The Cerna Network of Long Non-Coding RNA PCAT1/Mir-128-3p/SEC61A1 In Colon Cancer Cell Proliferation and Invasion.

BACKGROUND: Colon cancer (CC) remains a highly malignant cancer, with long non-coding RNAs (lncRNAs) associated with its molecular etiology.

OBJECTIVE: This study sought to investigate the mechanism of lncRNA prostate cancer-associated transcript 1 (lncRNA PCAT1) in CC cell proliferation and invasion and provide a theoretical reference for CC treatment.

METHODS: Expression levels of lncRNA PCAT1, microRNA (miR)-128-3p, and SEC61 translocon subunit alpha 1 (SEC61A1) were determined by RT-qPCR. Cell proliferation and invasion were evaluated by cell counting kit-8, colony formation, and Transwell assays. The subcellular fractionation assay analyzed the subcellular localization of lncRNA PCAT1. Dual-luciferase and RNA pull-down assays analyzed the binding of miR-128-3p to lncRNA PCAT1 and SEC61A1. Collaborative experiments were performed with miR-128-3p downregulation or SEC61A1 overexpression in si-PCAT1-treated CC cells.

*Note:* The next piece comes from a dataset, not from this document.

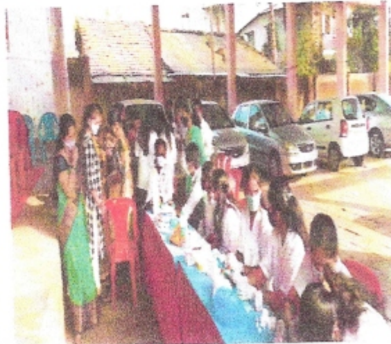
Caption: Some photographs during blood group checking camp.

RESULTS: LncRNA PCAT1 was upregulated in CC cells, and downregulation of lncRNA PCAT1 reduced CC cell proliferation and invasion potential. LncRNA PCAT1 targeted and inhibited miR-128-3p, and miR-128-3p targeted and inhibited SEC61A1 expression. miR-128-3p inhibition or SEC61A1 overexpression neutralized the suppressive role of silencing lncRNA PCAT1 in CC cell proliferation and invasion.

CONCLUSION: LncRNA PCAT1 was overexpressed in CC cells and facilitated CC cell proliferation and invasion via inhibition of miR-128-3p and promotion of SEC61A1.